Таксист приезжает быстро. Влад провожает меня, сажает в машину, обещает быть на связи, дает краткие инструкции, как себя вести, что говорить, о чем молчать. Не уверена, что всё запомню, но выбор как бы и невелик.

У Лены в квартире темно и тихо. Она в халате, глаза щурит – явно только проснулась. Я пролетаю мимо неё, сразу в детскую. Алиса спит, ничего не подозревая, что сейчас происходит, ничего не боится. И правильно. Бояться должна я. И мне дурно уже от поступков Толи. Разве так себя ведут адекватные люди?

Быстро смыв макияж, переодеваюсь и иду к Лене. Она уже на кухне, наливает воду в чайник.

– Что случилось? – громко зевает. – Ты толком ничего не объяснила, почему приедет полиция? Ты что-то сделала?

– Толя написал на меня заявление. Что я, якобы, бухая ушла и оставила Алису одну. Сказали – приедут проверить ребёнка.

Лена резко поворачивается ко мне:

– Он совсем охренел? Я с ней была всё время. Он что, вообще мозгами тронулся? Мне кажется, его в дурку уже пора определить…

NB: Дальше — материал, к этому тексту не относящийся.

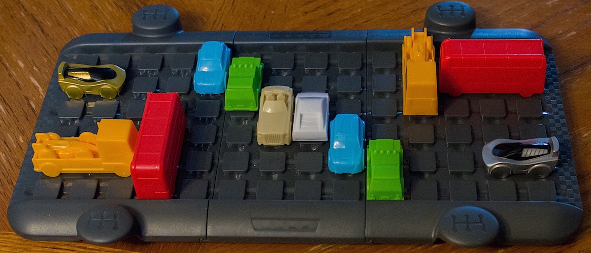 Rush Hour Shift is an entertaining twist on the classic get-the-car-unstuck logic game. Instead of a single player working through pre-designed puzzles, now there are two players working against each other in a constantly changing landscape. The manual includes instructions for ten basic board set-ups to start. Following these instructions, players are positioned at opposite ends of the board while cars of different sizes and colors are placed between them. The object of the game is to get your car (Silver versus Gold) to the other side of the board.
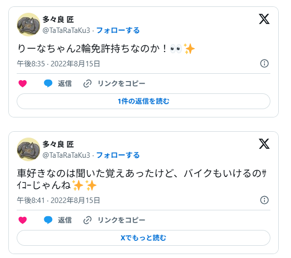 唯宵りーなさんも同じく車とバイクが好きでした。
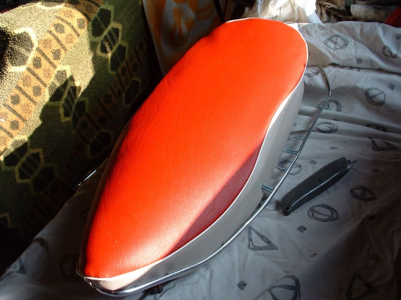 Oude zadelovertrek vervangen door een nieuwe. |
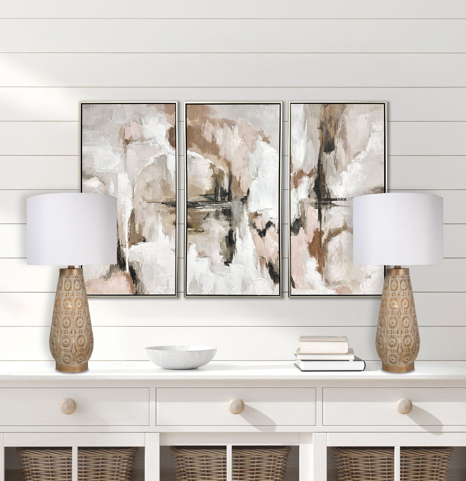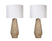 "Celestial Carve" Laser Cut Metal Table Lamp With Night Light (Set of 2) - Distressed White / Distressed Tan
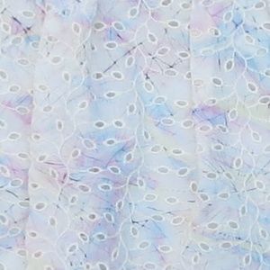 Theory Luvetta Rainbow mini skirt. Worn a handful of times. Luvetta Rainbow Style in rainbow iridescent with allover eyelet embroidery. Pleated A-line style. Hits above knee. Silk. Imported. This print eyelet skirt features ruching and inverted pleats at the waistband. Hidden zip at side. Lined.
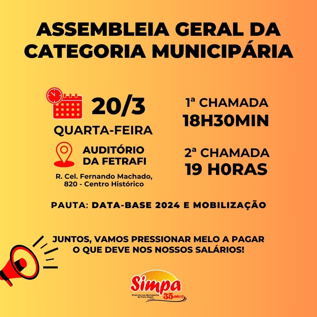 A Assembleia Geral sobre a Data-Base 2024, convocada pelo Sindicato dos Municipários de Porto Alegre (Simpa) e realizada no auditório da Fetrafi-RS, em Porto Alegre, na noite de quarta-feira (20/3), decidiu intensificar as mobilizações para pressionar o governo Melo a responder à pauta de reivindicações. ⬇️ DESRESPEITO DE MELO COM A CATEGORIA MUNICIPÁRIA […]
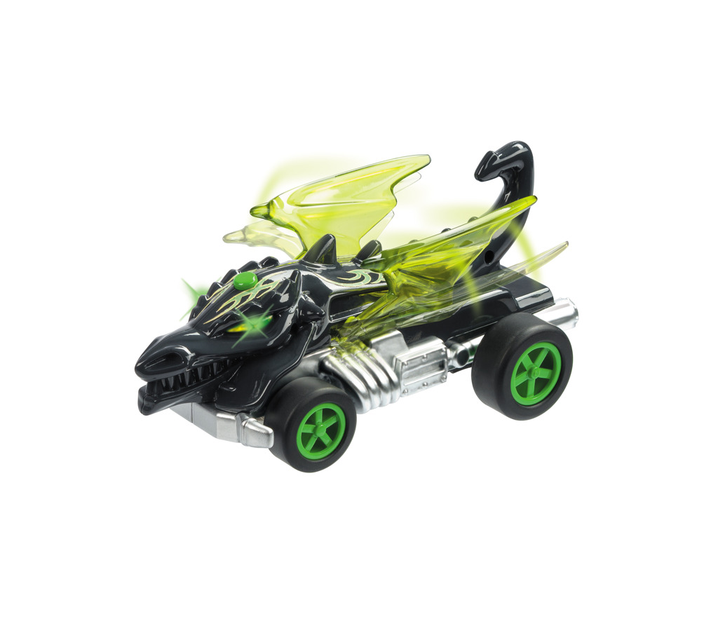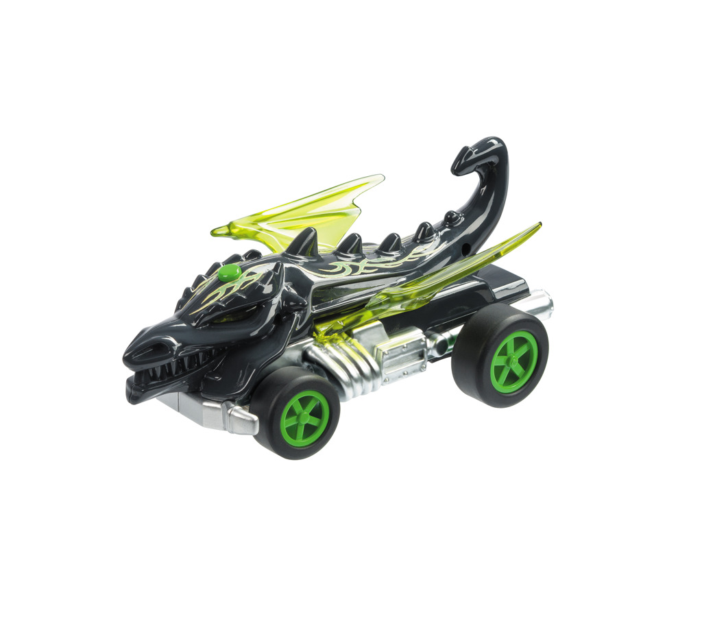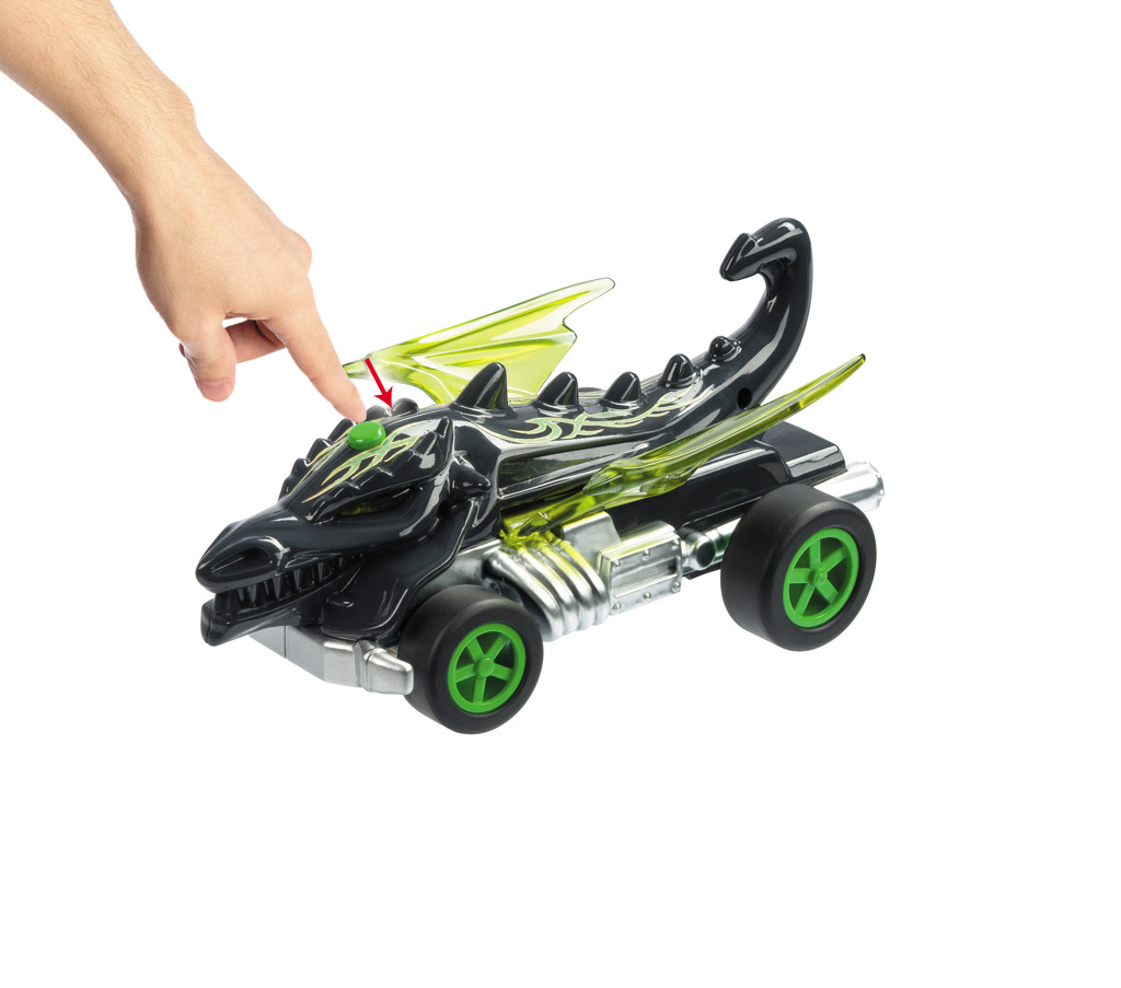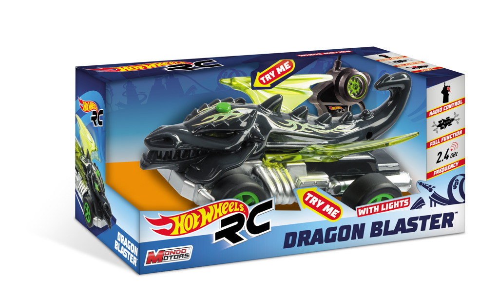 - RC auto (1:24) Hot Wheels ve tvaru draka. Auto svítí a hýbe křídly. Určeno pro děti od 3 let. Auto vyžaduje 3× AA baterie (jsou součástí balení a dálkové ovládání 2× AA baterie (nejsou součástí balení).
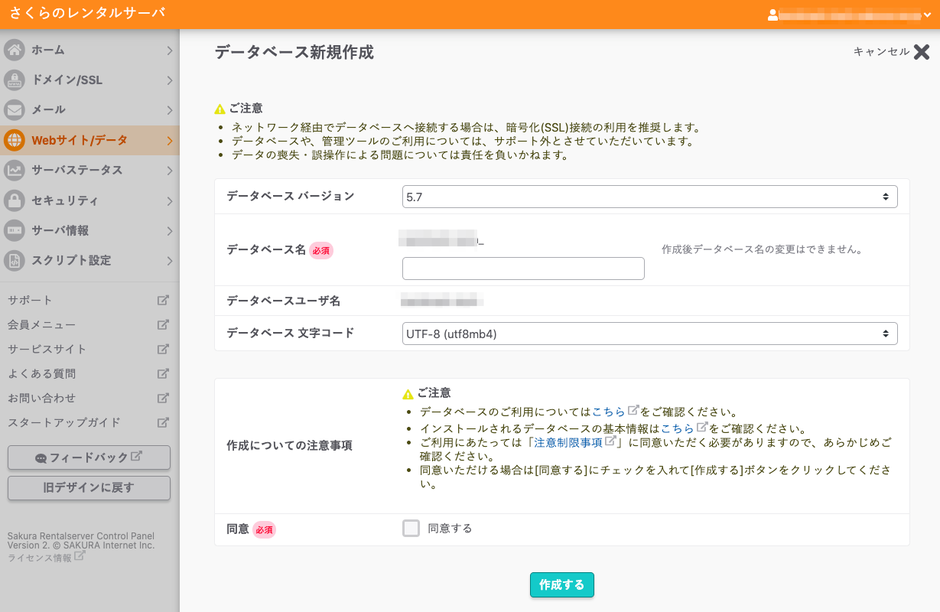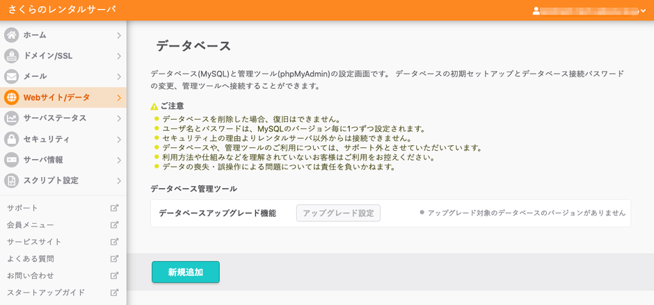 さくらのレンタルサーバーでは、初期段階ではデータベースは用意されておりませんので(新規追加)ボタンからデータベースを作成します。

– Да, – киваю. Смотрю на руки. Дрожат. Какой-то непрекращающийся кошмар.

– Пусть приходят, – говорит Лена. – Мы дома. Ты трезвая. Алиса спит. Свидетель у тебя есть – я. Им здесь не к чему прицепиться.

Я молчу. Голова по-прежнему гудит. Чувство, будто на тебя смотрят через лупу, в которой видны не только поры на лице, но и все ошибки за последние пару лет. Хотя их и не было особо. Лишь та ночь в купе, которую я ошибкой не считаю. Скорее наоборот.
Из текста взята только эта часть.